A US court’s $2.5 million ruling against a blogger for defaming a businessman has sparked a flurry of new attempts to define journalism in relation to blogging. My view on what constitutes journalism is similar to what someone once said about por**graphy – I know it when I see it.

While this won’t help the judges, you can be certain that earnest attempts to define a journalist in legal terms will lead to nothing but confusion. The Americans, with their black letter law pedantry, just love debates of this kind because it keeps much of the legal profession in business.

Ask Google what a journalist is and you’ll get something like this:

  1. The collecting, writing, editing, and presenting of news or news articles in newspapers and magazines and in radio and television broadcasts. 
  2. Material written for publication in a newspaper or magazine or for broadcast.
  3. The style of writing characteristic (my emphasis) of material in newspapers and magazines, consisting of direct presentation of facts or occurrences with little attempt at analysis or interpretation.

By the first definition, the work of the hordes of shockjocks and trollumnists and opinionistas – whom our mainstream media cost effectively employ to vomit their half-digested, fact-free views on the news of the day into our breakfast cereal – can all be described as “journalism”.

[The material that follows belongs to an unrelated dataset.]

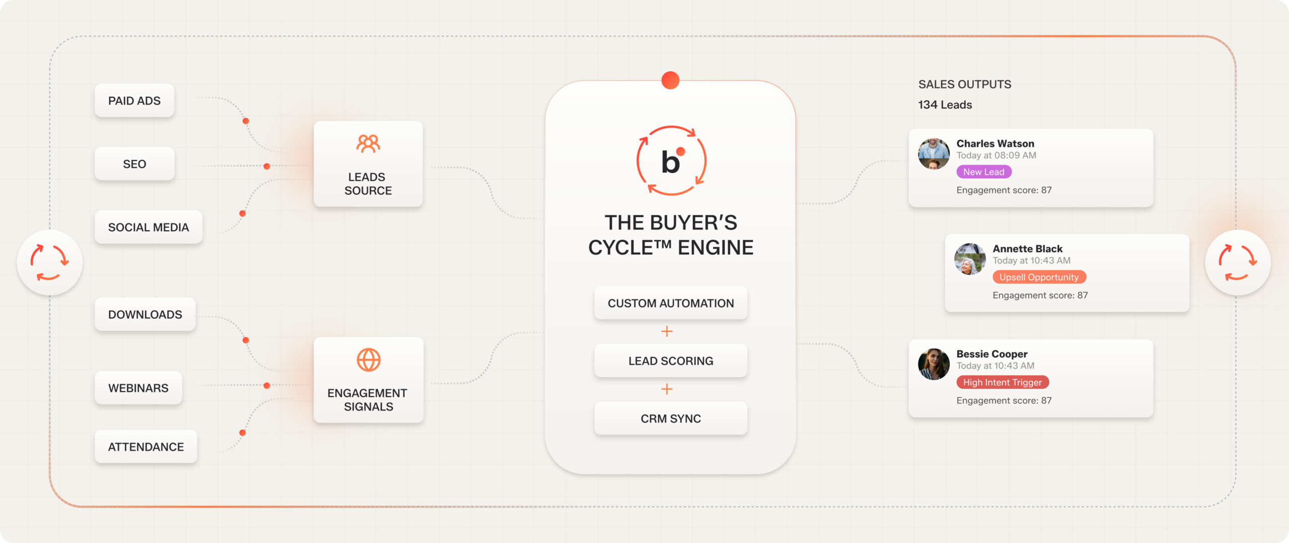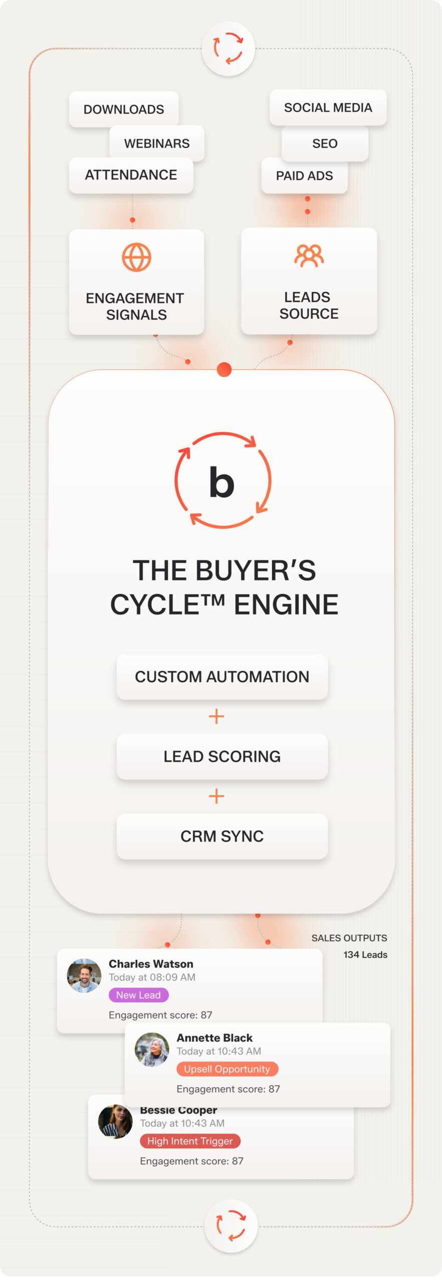 The Buyer’s Cycle™ connects every stage of your customer journey – from awareness to close – inside one automated loop.

Meanwhile, a painstakingly researched, brilliantly written, fact-filled offering like that of Scott Steel, in his Possum Comitatus persona, is a mere piece of blogging. Steel’s article on the media-propagated myths about the Australian economy is as good as, indeed better than, 90 per cent of the content masquerading as economic journalism in the mainstream media. It sheds light on a complex issue, it supports its arguments with facts, it provides historical perspective and it is written in a lively and engaging style that most people can enjoy. I call that journalism.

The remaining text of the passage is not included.